Assessing and Managing Drooling and Swallowing Difficulties in Burned Clients: Nurse’s Immediate Response

Burn injuries can have far-reaching effects, often impacting multiple systems in the body, including the respiratory and gastrointestinal systems. In this article, we will explore a scenario in which a client who has suffered burn injuries is experiencing drooling and difficulty swallowing. We will discuss the nurse’s pivotal role in assessing and managing these symptoms and determining the most immediate action to take.

The Significance of Respiratory and Gastrointestinal Complications

Burn injuries can lead to various complications, some of which may affect the respiratory and gastrointestinal systems. Understanding the potential impact of burns on these systems is crucial for nurses in providing comprehensive care.

The Scenario

Imagine a client who has sustained burn injuries and is now exhibiting two concerning symptoms:

  1. Drooling: The client is experiencing excessive drooling, which may indicate difficulty in controlling saliva and could be a sign of compromised airway protection.
  2. Swallowing Difficulties: The client is having trouble swallowing, which can be related to burn injuries involving the mouth or throat and may further complicate nutritional intake and respiratory function.

Immediate Nursing Actions

When a client who has suffered burn injuries presents with drooling and swallowing difficulties, the nurse’s first action should prioritize the client’s safety and well-being:

  1. Airway Assessment: The nurse must immediately assess the client’s airway for any signs of obstruction or compromise. This includes checking for any foreign objects or secretions that may be obstructing the airway.
  2. Oxygenation and Ventilation: Ensure that the client’s oxygenation and ventilation are adequate. Administer supplemental oxygen if necessary to maintain oxygen saturation within the target range.
  3. Elevate Head of Bed: Raise the head of the client’s bed to a semi-Fowler’s position if tolerated. This position can help reduce the risk of aspiration and promote respiratory comfort.
  4. Assess for Burns: Examine the client’s oral and throat area for burns or signs of injury that may be causing the swallowing difficulties. Document the extent and severity of any burns found.
  5. NPO Status: If there is a concern about the client’s ability to swallow safely, consider placing the client on NPO (nothing by mouth) status temporarily to prevent further aspiration or complications.
  6. Collaborate with Healthcare Team: Communicate the client’s condition and assessment findings promptly with the healthcare team, including the attending physician and a speech-language pathologist if available.
  7. Suctioning: If necessary, perform oral suctioning to clear excess saliva or secretions from the mouth and prevent aspiration.

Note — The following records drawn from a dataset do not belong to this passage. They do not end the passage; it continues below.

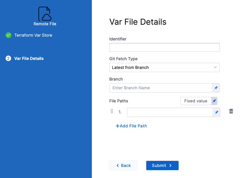 - Click Add Terraform Var File, and then click Add Remote.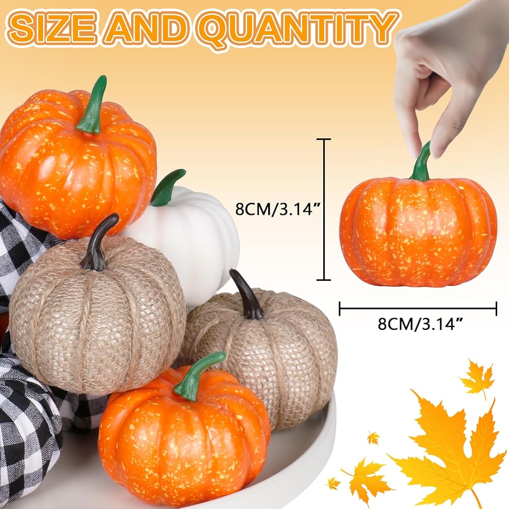 SIZE AND COLOR: Each artificial pumpkin measures 8cm/3.14inch and comes in four autumn themed colors, including Beige/Coffee/Orange/Camel It can perfectly fit the theme of autumn harvest, adding warmth and vitality to the decoration. At the same time, personalized decorative effects can be created by matching according to the user's own preferences and overall decorative style.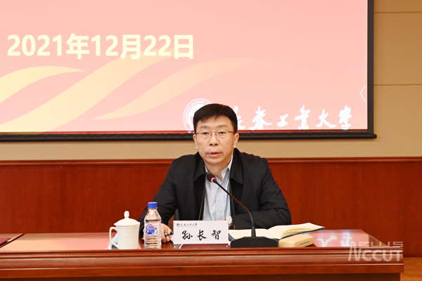 孙长智就学习贯彻十九届六中全会精神提出要求,各基层党委、各相关单位、各部门要按照学校《关于学习宣传党的十九届六中全会精神的实施方案》要求,认真组织开展全会精神的学习宣传,使广大党员干部、师生员工深刻领会“两个确立”的决定性意义,坚定捍卫“两个确立”,坚决做到“两个维护”,始终在思想上政治上行动上同以习近平同志为核心的党中央保持高度一致,切实把全会精神转化为推动学校事业高质量发展的磅礴伟力,让全会精神在工大落地落实。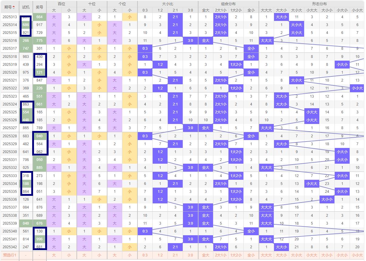343期/福彩3D综合分析 :大小走势.奇偶比列及跨度分析等组号分析

Comprehensive Assessment and Interventions

Following the initial actions, the nurse should conduct a comprehensive assessment to identify the underlying cause of the drooling and swallowing difficulties. This may involve further examination of the oral cavity and throat, as well as collaboration with other healthcare professionals, such as a gastroenterologist or otolaryngologist, if needed.

The management plan may include addressing pain, inflammation, or burns in the oral and throat areas, providing swallowing assessments and strategies, and ensuring adequate nutrition and hydration through appropriate means (e.g., enteral or parenteral nutrition).


When a client with burn injuries presents with drooling and swallowing difficulties, the nurse’s immediate response must focus on airway protection and respiratory support. Identifying the cause of these symptoms and collaborating with the healthcare team for comprehensive assessment and intervention is essential to ensure the client’s safety and promote their recovery. Swift and vigilant nursing care can make a significant difference in the outcome for clients with burn injuries and associated complications.